Canadian industrial electropunk band

Slash Need is a Canadian industrial electropunk band from Toronto, Ontario, who released their debut album Sit & Grin in 2025.

The band's core members are Dusty Lee and Alex Low, with dancers Camille Jodoin-Eng and Stella Tago performing with the band. Lee and Low first met when they were working at Double Double Land, an underground art and performance venue in Toronto, and formed the band in 2018 with a friend and other founding member Maggie Smith.
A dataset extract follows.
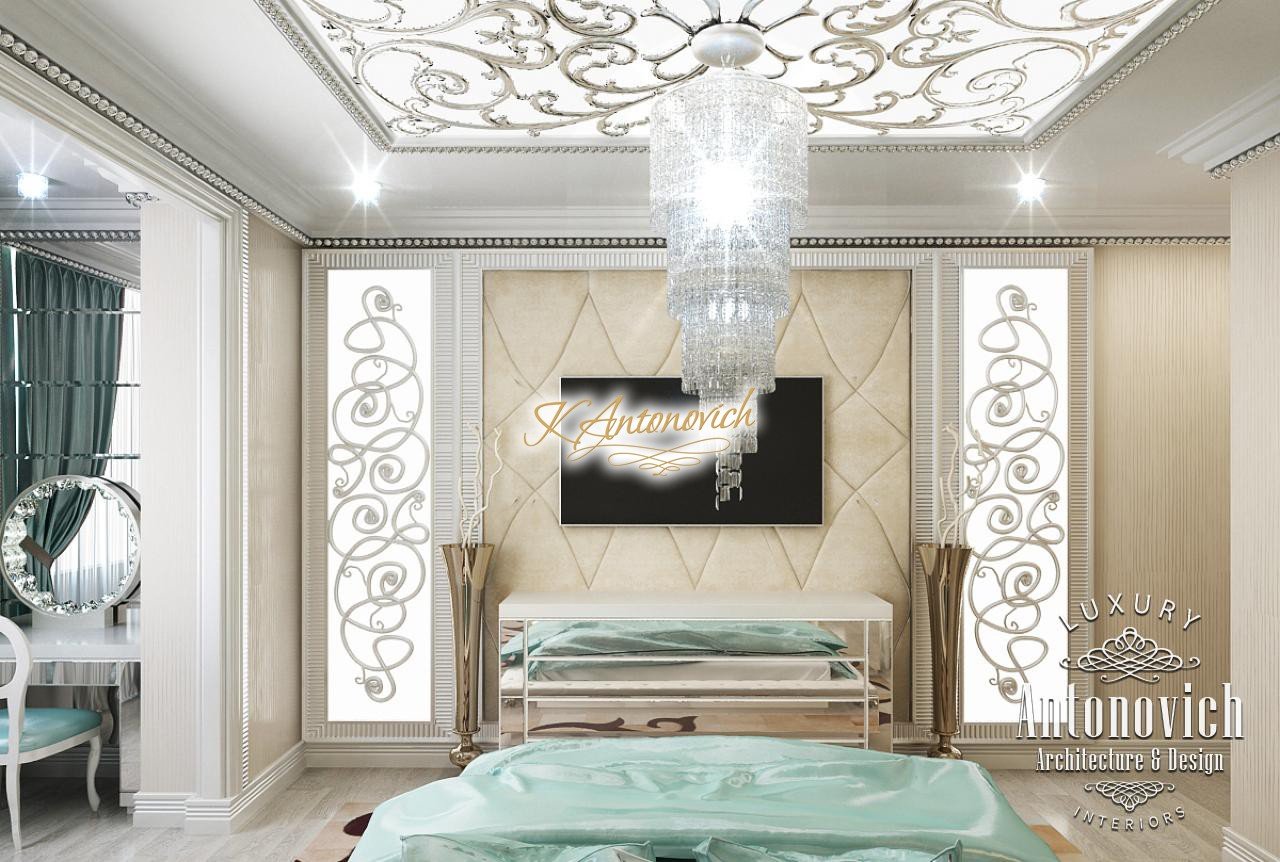 Apartment interior design is divided into several areas. And bedroom interior design is a story with a special interior mood. Luxury interior design from studio Luxury Antonovich Design in each project reflects the fashion trends in interior, preferences of customers, their dreams of an ideal habitat and status. Apartment Design Dubai in the style of neoclassicism with light accents of art deco. Bedroom interior radiates tenderness and warmth, elegance and sophistication. Bedroom Design project includes some alterations to the apartment. Interior Designers Dubai joined a small loggia with the bedroom and organize a cozy corner with a table with a boudoir. Wall decor in the form of mirror panels visually expands the space of this zone. Bedroom interior itself is designed in warm shades of light, which are underlined with gentle turquoise silk shades in the decoration of windows and the decoration of the bed. This fashionable element of decoration in interiors of any style as soft wall panel in the bedroom interior complements its softness and warmth. The panels are upholstered in soft creamy velvet. Shallow marks with large diamonds complete the image of the interior with expressiveness. Dubai Interior designers always use the opportunities of new technologies. This is an excellent way to realize the most daring design solutions. In this project, with the help of LED backlight and new materials, they create an original wall and ceiling decor. Niches illuminated through the delicate patterns fill the interior with charm.

The name was chosen after one of Low's text responses to Lee's list of band name ideas was "whatever you want slash need", thus Lee coined the name Slash Need while the inclusion of dancers in their live show was inspired after Lee watched old videos of The Hidden Cameras performing at Will Munro's Vazaleen club night.

In 2024 the band performed at Bruce LaBruce's annual underground Toronto International Film Festival party at the Bovine Sex Club, and in 2025 they performed at SXSW. They performed extensively at music festivals in 2025, prior to releasing Sit & Grin on October 21. They promoted the album with further festival appearances, including at Pop Montreal and Lawnya Vawnya, as well as a full tour of Europe.

Sit & Grin was longlisted for the 2026 Polaris Music Prize.